The Integrated Addendum is a significant update to the 20-year-old ICH GCP Guideline originally adopted in 1996.
The ICH website states:
“This guideline has been amended to encourage implementation of improved and more efficient approaches to clinical trial design, conduct, oversight, recording and reporting while continuing to ensure human subject protection and reliability of trial results. Standards regarding electronic records and essential documents intended to increase clinical trial quality and efficiency have also been updated.”
Much of the content now incorporated into ICH through the Integrated Addendum is familiar from other guidance documents and enforcement interpretations by EMA and other regulators, including MHRA and FDA, which have developed over recent years.

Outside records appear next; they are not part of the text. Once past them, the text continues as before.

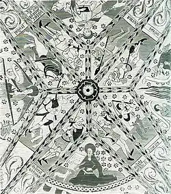 The Swedish Didriks Krönika inspired at least two pictorial depictions. Around 1480, artist Albertus Pictor included the scene of Didrik's fight with Wideke and the latter's flight into the sea was included, along with the battles of several other biblical and legendary heroes, on the roof of Floda church in Södermanland, Sweden.[76][77] An illumination in a law codex from Uppland from the mid 15th century also shows a scene from the saga: it shows the knight Sistram, identified by text, half-swallowed in the jaws of a dragon.[78]
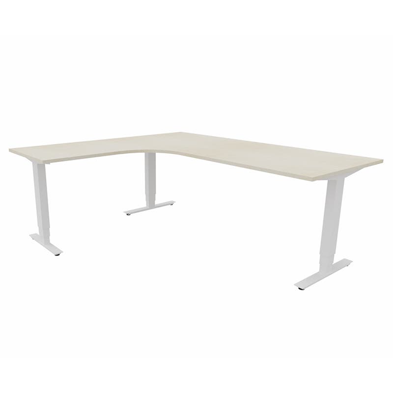 Höj- och sänkbart skrivbord Sense Aero Vänster 3-ben, max 100 kg, 2000x1800, H630-1290 mm, Björk laminat, stativ Vit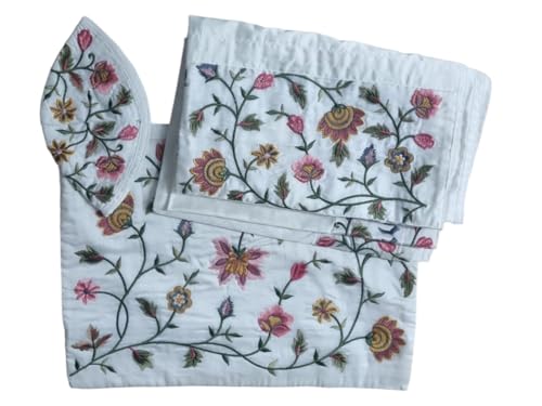HOT ! New Elegant Tallit for Women - Full Floral Embroidery Prayer Shawl Set - Artificial Silk Polyester - 78"x20" - Jewish Gift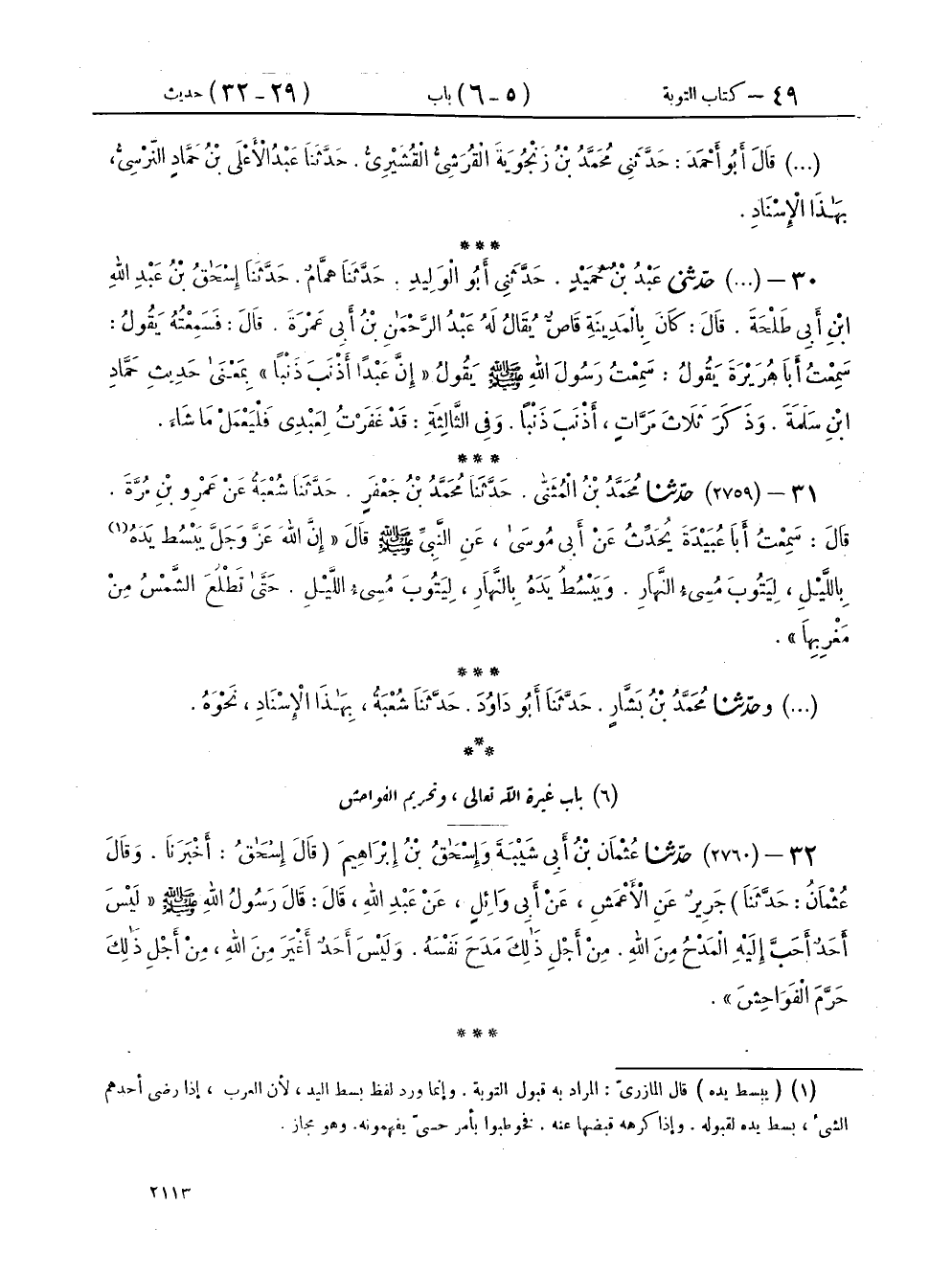 ٣١ - (٢٧٥٩) حَدَّثَنَا مُحَمَّدُ بْنُ الْمُثَنَّى، حَدَّثَنَا مُحَمَّدُ بْنُ جَعْفَرٍ، حَدَّثَنَا شُعْبَةُ، عَنْ عَمْرِو بْنِ مُرَّةَ، قَالَ: سَمِعْتُ أَبَا عُبَيْدَةَ، يُحَدِّثُ عَنْ أَبِي مُوسَى، عَنِ النَّبِيِّ صَلَّى اللهُ عَلَيْهِ وَسَلَّمَ، قَالَ: «إِنَّ اللهَ عَزَّ وَجَلَّ يَبْسُطُ يَدَهُ بِاللَّيْلِ لِيَتُوبَ مُسِيءُ النَّهَارِ، وَيَبْسُطُ يَدَهُ بِالنَّهَارِ لِيَتُوبَ مُسِيءُ اللَّيْلِ، حَتَّى تَطْلُعَ الشَّمْسُ مِنْ مَغْرِبِهَا»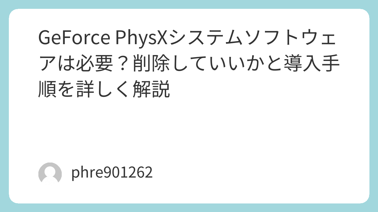 GeForce環境で出てくるPhysX System Softwareは、全員に必須ではありません。ですが、旧作を遊ぶ人にはまだ意味があります。だから判断は単純で、最新タイトル中心なら無理に触らない、古いゲームを入れるなら先に確認する。これで十分です。

This is particularly true with respect to the expectation that risk-based approaches will be applied to a broad range of clinical trail activities from computerized system validation to trial monitoring.
In the Addendum, expectations for a number of computerized System Validation elements and activities have been sharpened and clarified. The EMA Inspectors Working Group has been focused for several years on concerns about how computer systems used to support clinical trials are designed and implemented.
Concern has been particularly focused on data integrity and investigators’ independent access to and control over the data they provide to sponsors. There has also been a sharp focus on the impact the systems that electronically collect and manage data can have on subject and patient rights and safety.
The Addendum specifically cites the need to maintain data integrity at all times. It is important to remember that metadata (e.g., units of measure, lab test names, etc.) are a vital consideration here, and not just the audit trail. Of course, everything that happens to the data must be reflected either in the audit trail or in other documentation of change control. It is important to remember that changes to infrastructure or the application itself application can affect data, so accurate, complete, and contemporaneous documentation of authorized changes are reuired to demonstrate sustained data integrity.
Data integrity demands that all changes must be controlled. That means they must be understood, documented, tested/verified, and approved. Documentation and risk assessment are essential.
Data migration is particularly risk prone. The Addendum now means ICH requires risk-based validation and full documentation.